TGF-alpha: A New Job for an Old Friend

Transforming growth factor (TGF)-alpha is a regulator of cell proliferation and differentiation and has thus been associated with myriad forms of cancer.¹ A recent study by Kramer et al. (2001) identifies a new role for TGF-alpha, as one of the elusive regulators of circadian rhythms of activity and sleep.² It has long been known that the circadian clock drives daily rhythms of activity and sleep, but precious few clues about these output pathways have emerged.

Figure 1. Coronal section through the hypothalamus of a hamster brain showing the SCN and SPZ. Light is signaled to the SCN clock. TGF-alpha is secreted by the SCN, acts on EGF receptors in the SPZ, and inhibits activity during the day.

Humans and animals have precise and persistent rhythms of many behavioral, physiological, metabolic, cellular, and molecular parameters that, although influenced by the environment, are generated by an internal body clock. This clock runs, even in the absence of external time cues such as light, on a period of approximately 24 hours and thus has been dubbed the “circadian” clock.³ In mammals, the circadian clock has been localized to the hypothalamic suprachiasmatic nucleus (SCN).⁴ Several transplant studies suggest that diffusible factors secreted from the SCN and acting locally are involved in the regulation of activity and sleep rhythms by the clock.^5-8 These enigmatic “activity promoters” and “activity inhibitors” have proven difficult to discover.

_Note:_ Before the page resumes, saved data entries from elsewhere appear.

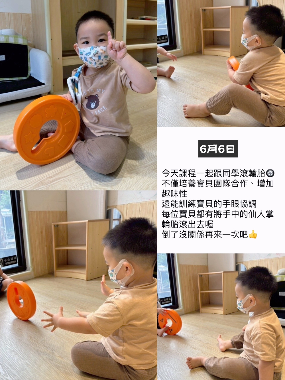 ▲今天和同學一起玩滾輪胎~有同學一起陪玩就是開心~遊戲都會變得更好玩唷!
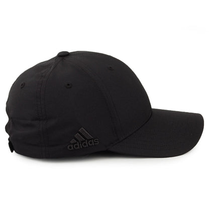 The Adidas Performance Blank Baseball Cap in black is a lightweight hat suited for outdoor activity. This cap provides you with UV protection and a moisture wicking sweatband for comfort. The Adidas logo is embroidered on the wearers right side and there is an adjustable hook-and-loop strap at the back.
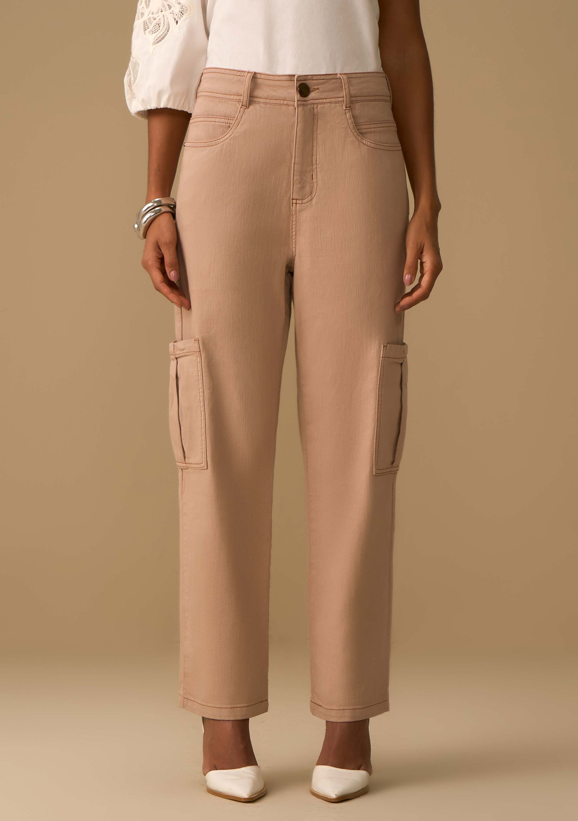 Transforma tu guardarropa con este pantalón de Maria.Valentina, una prenda que une comodidad y sofisticación en cada detalle. Con corte recto y cintura alta en un sofisticado tono beige, está confeccionado en denim de alta calidad, con 98% algodón y 2% elastano, garantizando un calce impecable y confort duradero. Ideal para ocasiones formales e informales, combina perfectamente con blusas de seda o camisas estructuradas, elevando tu look con elegancia. Inspirada en el Renacimiento, esta colección transmite la fuerza y la actitud de la mujer contemporánea, reflejando su autoconfianza y autenticidad. Apuesta por esta prenda esencial para expresar tu estilo y tu brillo personal.
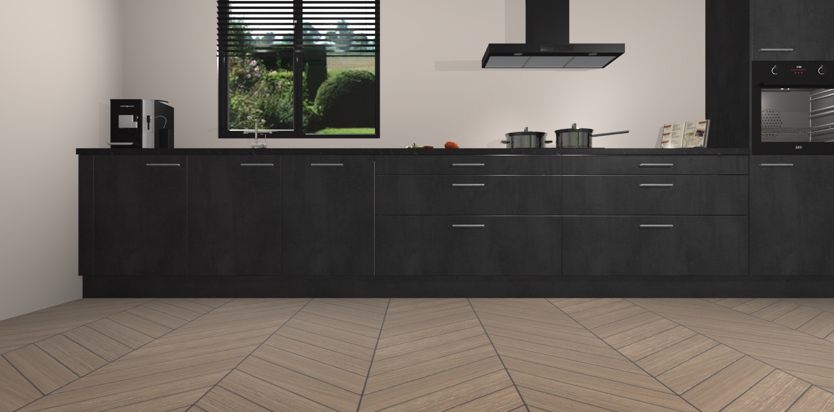 Dankzij de afwerking past de Beton Zwarte keuken Angola naadloos in elk huis of appartement. De soft-close deuren geven je extra gemoedsrust, want ze sluiten vanzelf en slaan nooit dicht! En alsof dat nog niet genoeg is, worden deze kasten volledig gemonteerd geleverd, dus maak je geen zorgen over eventuele installatieproblemen.
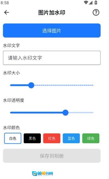 5、最后选择图片,输入水印文字,调节水印大小,设置水印透明度和水印颜色,然后点击“保存到相册”按钮,这样就完成了。
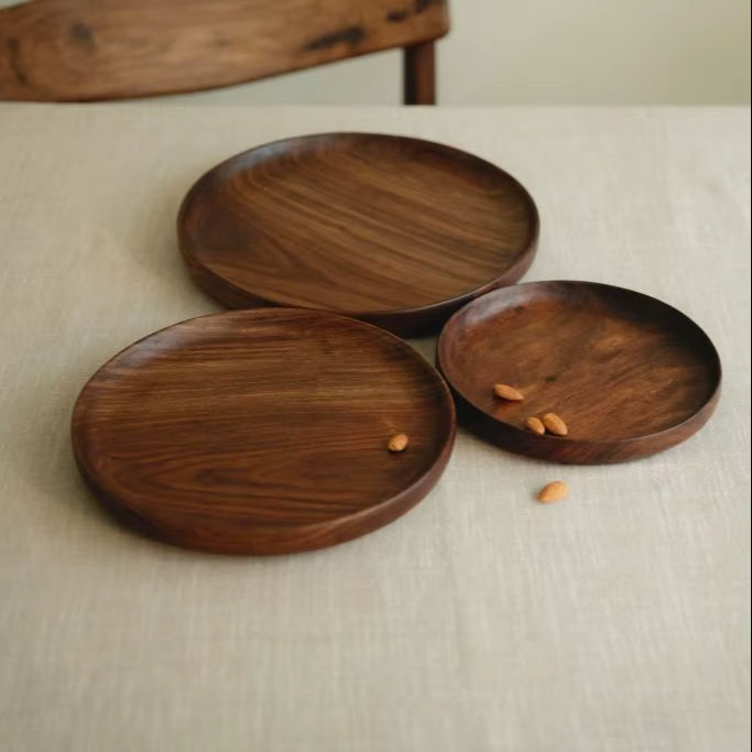 จานอาหารค่ำ ชุดจานไม้เนื้อแข็ง ชุดถาดเสิร์ฟไม้ธรรมชาติ
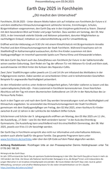 (Forchheim for Future). „DU machst den Unterschied“, unter diesem Motto haben sich auf Initiative von Forchheim for Future e.V. und dem städtischen Klimaschutzmanagement zahlreiche Vereine, Einrichtungen, Schulen, Bürgerinitiativen vorgenommen, den Earth Day wie in den Vorjahren gebührend zu feiern. Diesmal mit dem besonderen Blick auf Kinder und junge Familien. Dazu werden am Samstag, den 03. Mai 2025, in der Innenstadt vielerlei Stände und Aktionen präsentiert, darunter Möglichkeiten zu nachhaltigem Einkauf, Initiativen zur Lebensmittelrettung und für Umweltbildung. Eröffnet wird der Aktionstag um 9.30 Uhr mit einem Klimafrühstück mit Bürgermeisterin Annette Prechtel und dem Klimaschutzmanagement der Stadt Forchheim. Während Erwachsene sich im Stadtteiltreff im Katharinenspital austauschen, dürfen ihre Kinder zusammen mit dem Stadtjugendpfleger im Innenhof spannende Spiele zum Thema Klima und Klimawandel erleben.
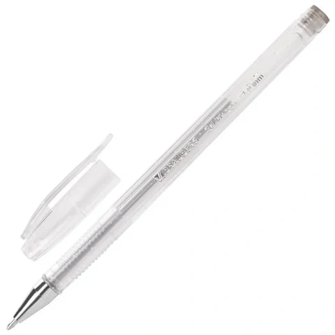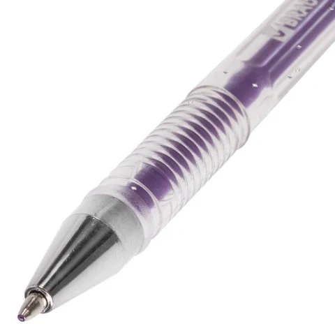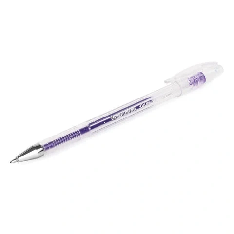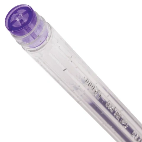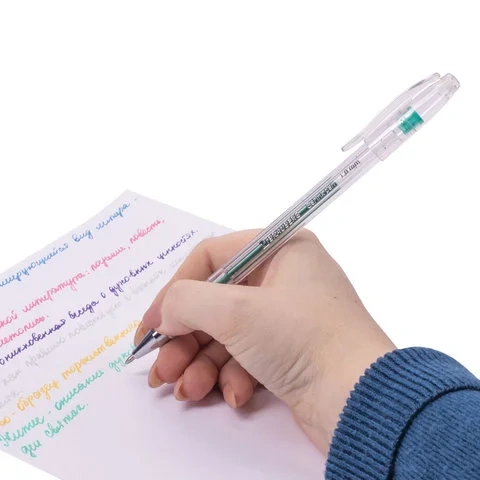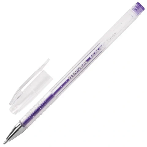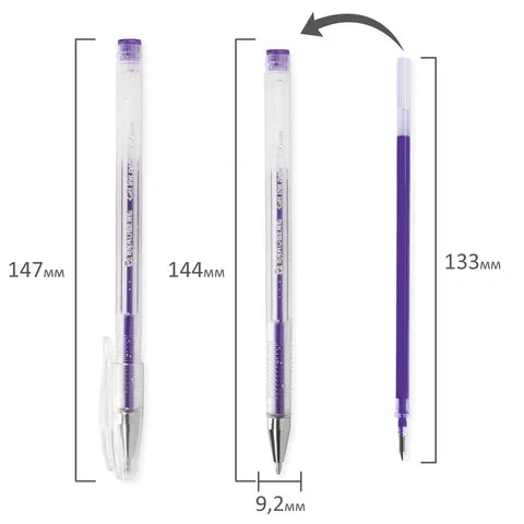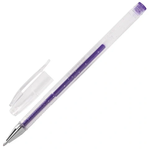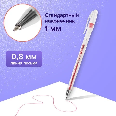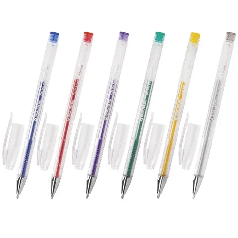 Ручка имеет круглый прозрачный корпус и рифление в зоне захвата для удобства письма. Сменный стержень длиной 135 мм со стандартным наконечником позволит использовать ручку максимально долго. Диаметр пишущего узла, равный 1,0 мм, создает линию письма, равную 0,8 мм. Набор включает гелевые ручки из 6 различных цветов чернил с блёстками: синий, красный, фиолетовый, зеленый, желтый, серебристый. Рекомендован для детского творчества.
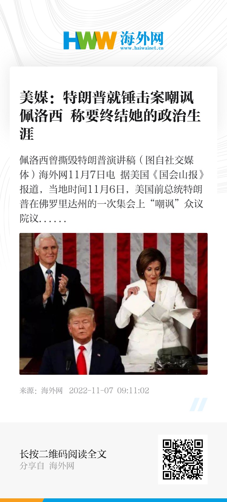 据此前报道,特朗普和佩洛西之间“不对付”由来已久。在特朗普执政时期,他就一直与佩洛西相互质疑对方“精神有问题”。在2020年2月特朗普发表演讲时,佩洛西欲握手被无视后,当场撕毁特朗普演讲稿。今年10月,佩洛西还嘲讽特朗普不敢就美国国会大厦骚乱事件宣誓作证,“我觉得他不够男人,不敢出庭(作证)。”(海外网 杨佳)
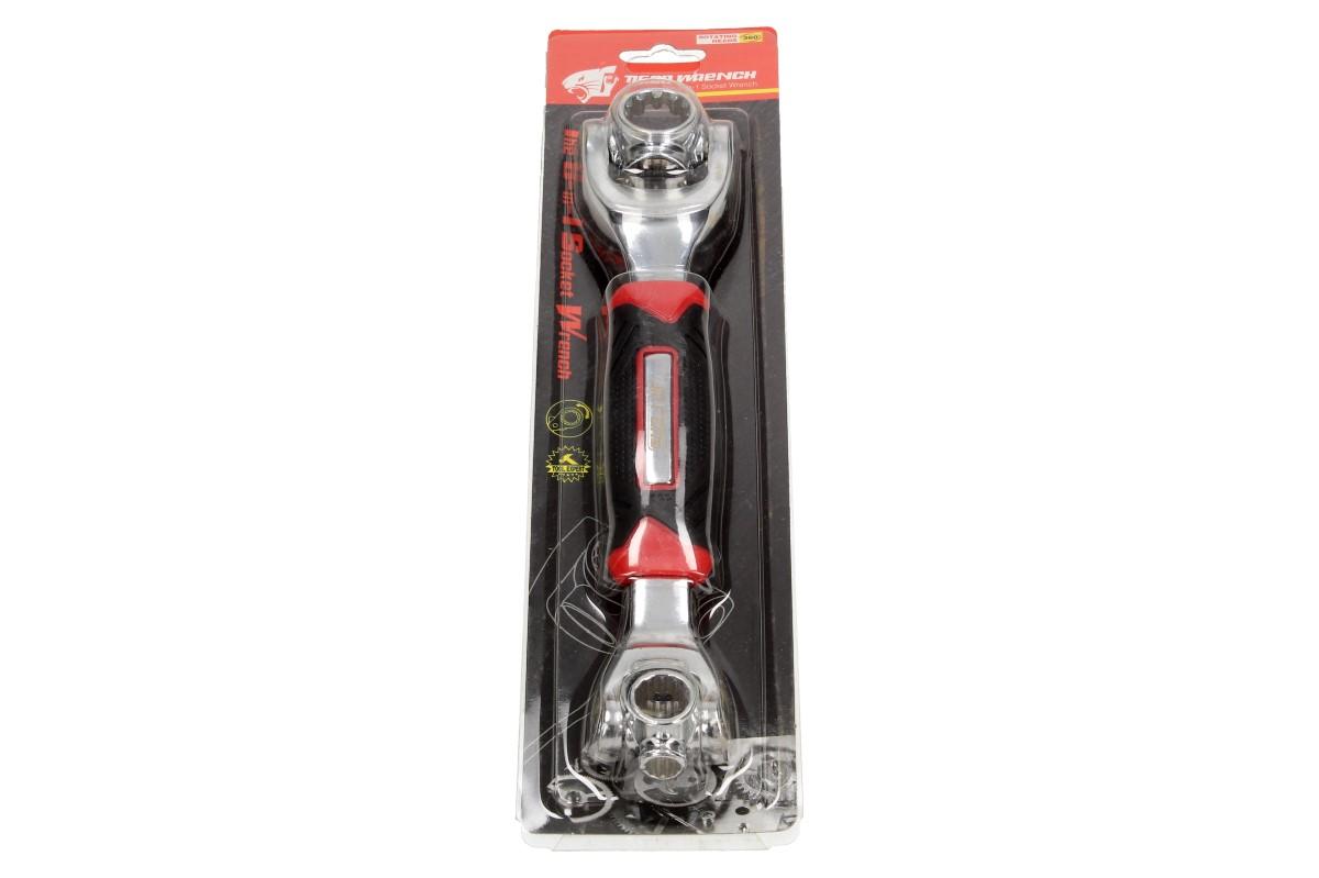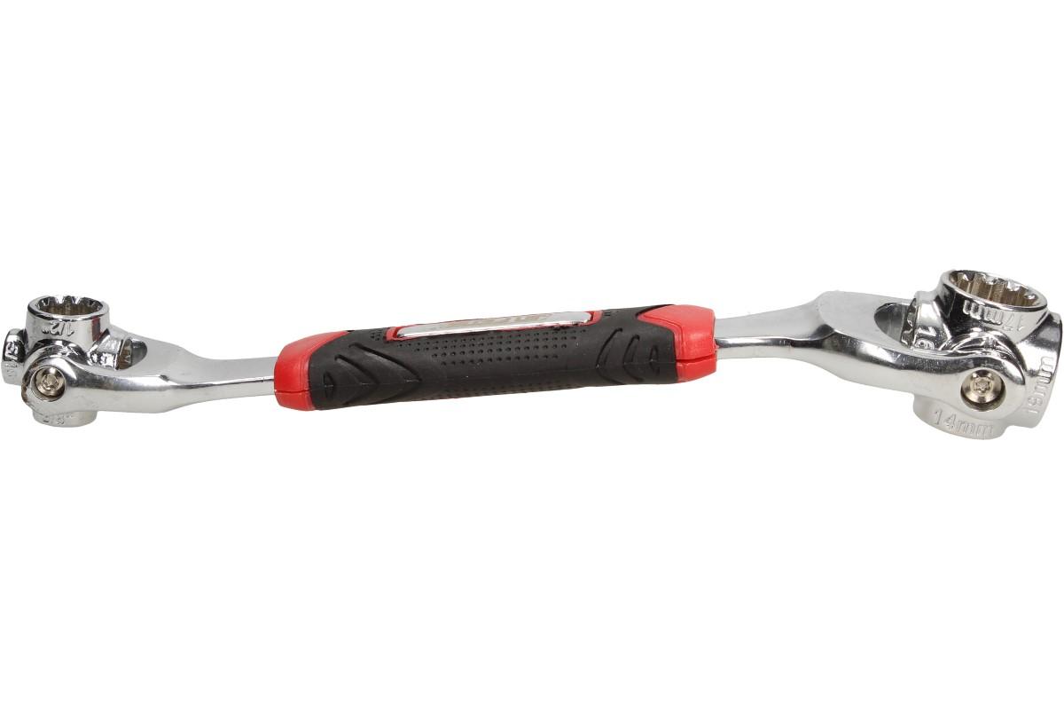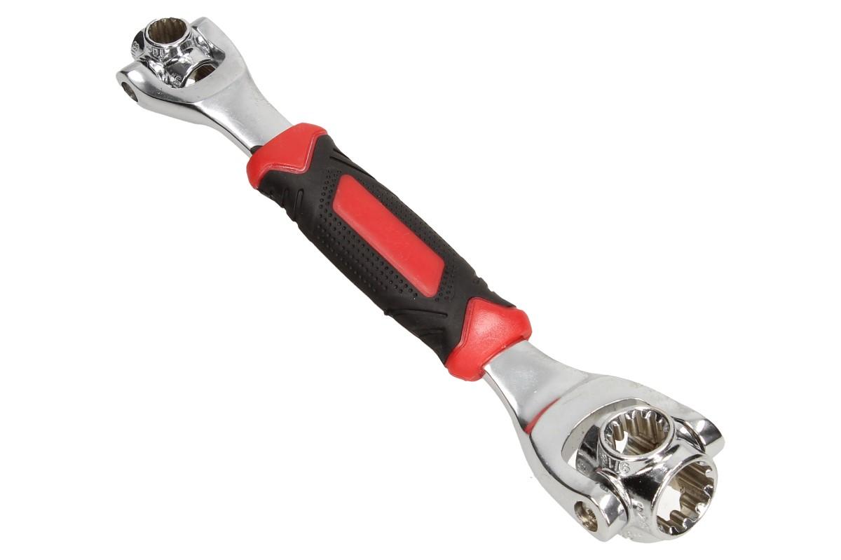 Tiger univerzální klíč 8 v 1 vám usnadní, urychlí práci a hlavně ušetří spoustu potřebného místa v šuplíku. Tento profesionální nástroj je navržen s 360 ° otočnými hlavami, které se rychle mění na požadovanou velikost, takže máte vždy správný klíč po ruce. Z každé strany má klíč otočnou hlavici. Každá hlavice má 4 otvory a 1 otvor sedí na více velikostí matic. Oboustranný kvalitní klíč má pogumovanou rukojeť pro pohodlnější a bezpečnější držení.

TGF-alpha appears to be one of these factors. Kramer et al. demonstrate that TGF-alpha is rhythmically secreted by the SCN clock.² In nocturnal rodents, levels are high during the day and low during the night, a phase suggestive of an activity inhibitor. TGF-alpha acts on epidermal growth factor (EGF) receptors located nearby in the subparaventricular zone (SPZ), the major receiver of projections from the SCN. A model reflecting the influence of TGF-alpha on circadian rhythms is illustrated in figure 1. Light modulates the SCN clock via retinal photoreceptors and the SCN rhythmically secretes TGF-alpha. TGF-alpha then acts on SPZ EGF receptors, thereby suppressing activity.²

References

1. Derynck, R. (1992) Adv. Cancer Res. 58:27.
2. Kramer, A. et al. (2001) Science 294:2511.
3. Menaker, M. (1982) “In search of principles of physiological organization in vertebrate circadian systems.” in Vertebrate Circadian Systems: Structure and Physiology, Aschoff, J. et al., eds., Springer-Verlag, Berlin, pp. 1-12.
4. Klein, D.C. et al. eds. (1991) Suprachiasmatic nucleus: the mind's clock. Oxford University Press, New York.
5. Vogelbaum, M.A. & M. Menaker (1992) J. Neurosci. 12:3619.
6. Ralph, M.R. et al. (1990) Science 247:975.
7. Earnest, D.J. et al. (1999) Science 283:693.
8. LeSauter, J. & R. Silver (1999) J. Neurosci. 19:5574.